*** Opening of MATERIAL PROVIDED ***
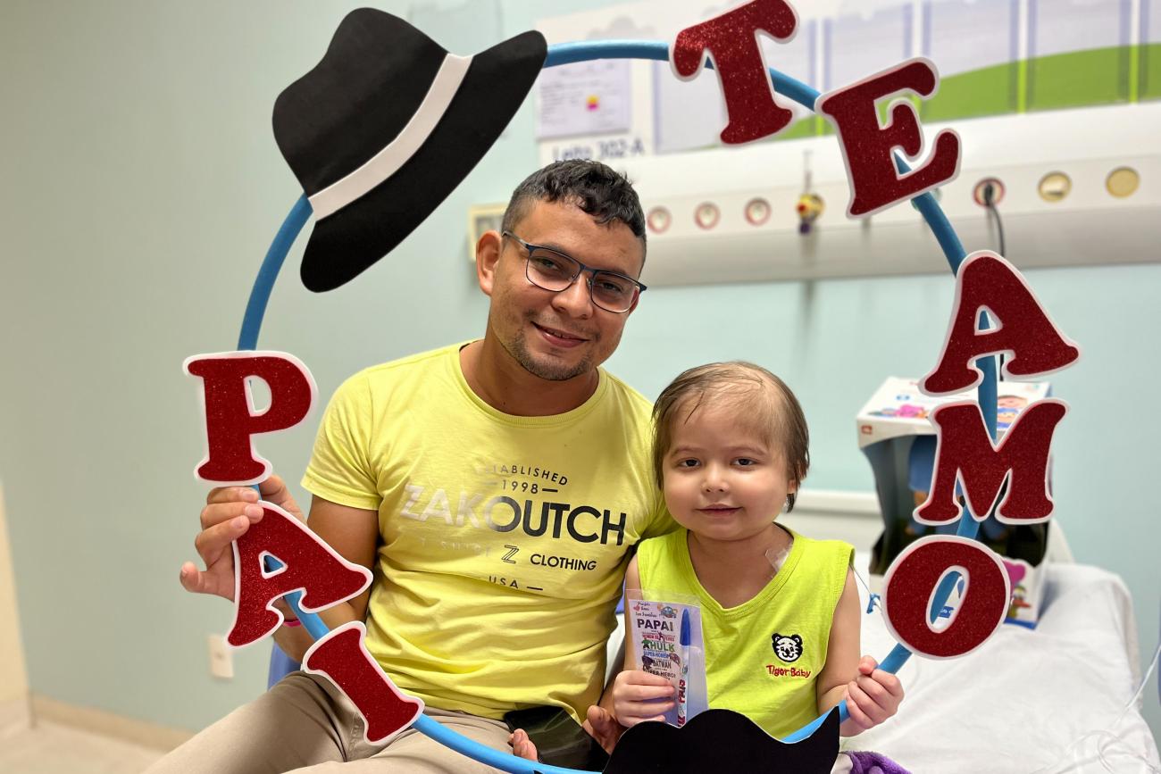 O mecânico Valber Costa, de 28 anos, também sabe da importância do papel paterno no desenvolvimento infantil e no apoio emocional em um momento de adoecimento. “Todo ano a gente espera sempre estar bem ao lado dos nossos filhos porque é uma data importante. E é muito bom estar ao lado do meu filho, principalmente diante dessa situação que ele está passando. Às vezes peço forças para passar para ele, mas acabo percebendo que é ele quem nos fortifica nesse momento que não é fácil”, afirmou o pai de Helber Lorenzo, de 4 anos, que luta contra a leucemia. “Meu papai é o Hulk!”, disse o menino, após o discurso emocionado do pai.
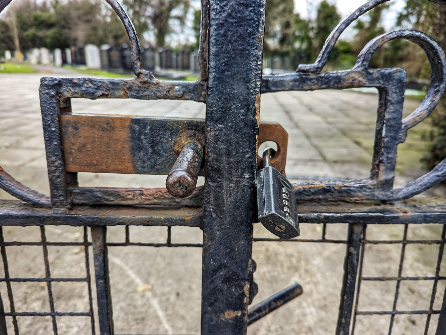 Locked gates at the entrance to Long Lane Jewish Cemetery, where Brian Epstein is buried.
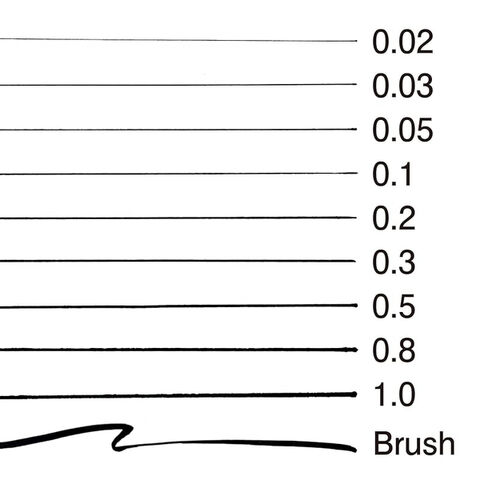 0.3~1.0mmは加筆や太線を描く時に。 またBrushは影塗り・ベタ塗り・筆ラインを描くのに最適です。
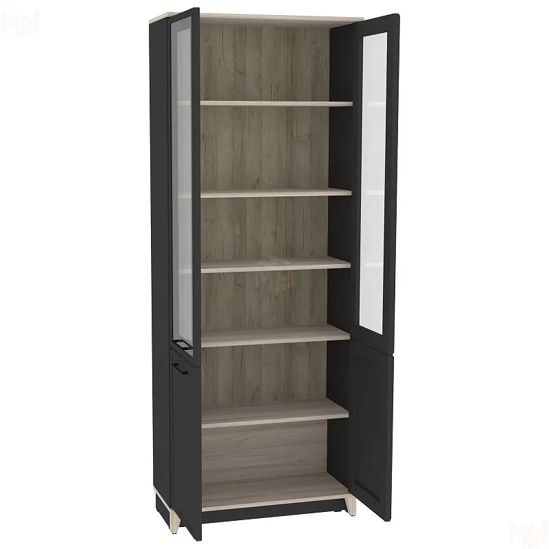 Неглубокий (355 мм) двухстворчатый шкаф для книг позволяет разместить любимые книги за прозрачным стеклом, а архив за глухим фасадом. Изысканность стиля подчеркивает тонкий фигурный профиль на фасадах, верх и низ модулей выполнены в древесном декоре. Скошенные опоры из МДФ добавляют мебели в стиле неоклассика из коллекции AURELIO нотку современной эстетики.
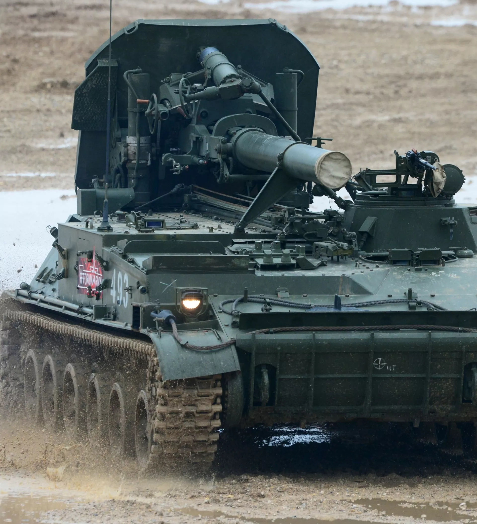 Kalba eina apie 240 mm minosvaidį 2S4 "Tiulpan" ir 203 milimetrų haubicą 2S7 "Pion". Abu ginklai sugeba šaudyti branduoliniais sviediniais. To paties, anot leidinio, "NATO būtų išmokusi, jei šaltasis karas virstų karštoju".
*** Close of MATERIAL PROVIDED ***
*** Opening of MATERIAL PROVIDED ***
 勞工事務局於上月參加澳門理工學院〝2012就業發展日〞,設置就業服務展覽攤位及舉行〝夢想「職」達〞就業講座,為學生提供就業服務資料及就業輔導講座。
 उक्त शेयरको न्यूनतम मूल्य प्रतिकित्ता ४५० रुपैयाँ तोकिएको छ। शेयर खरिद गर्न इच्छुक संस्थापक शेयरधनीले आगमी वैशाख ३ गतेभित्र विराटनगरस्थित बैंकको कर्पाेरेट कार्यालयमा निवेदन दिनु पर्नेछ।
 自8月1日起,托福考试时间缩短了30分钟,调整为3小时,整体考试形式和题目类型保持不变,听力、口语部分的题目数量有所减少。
*** Close of MATERIAL PROVIDED ***
*** Opening of MATERIAL PROVIDED ***
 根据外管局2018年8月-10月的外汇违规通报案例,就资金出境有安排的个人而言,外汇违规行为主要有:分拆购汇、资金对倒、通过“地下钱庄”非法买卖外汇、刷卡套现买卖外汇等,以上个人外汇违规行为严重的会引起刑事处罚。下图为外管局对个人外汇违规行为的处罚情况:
*** Close of MATERIAL PROVIDED ***
* **PROMPT**: Using the records above, write out exactly the lines between the one holding "उक्त शेयरको न्यूनतम" and the one holding "自8月1日起,托福考试时间缩", inclusive; leave everything else out.

* **EXERCISE RESULT**:
 उक्त शेयरको न्यूनतम मूल्य प्रतिकित्ता ४५० रुपैयाँ तोकिएको छ। शेयर खरिद गर्न इच्छुक संस्थापक शेयरधनीले आगमी वैशाख ३ गतेभित्र विराटनगरस्थित बैंकको कर्पाेरेट कार्यालयमा निवेदन दिनु पर्नेछ।
 自8月1日起,托福考试时间缩短了30分钟,调整为3小时,整体考试形式和题目类型保持不变,听力、口语部分的题目数量有所减少。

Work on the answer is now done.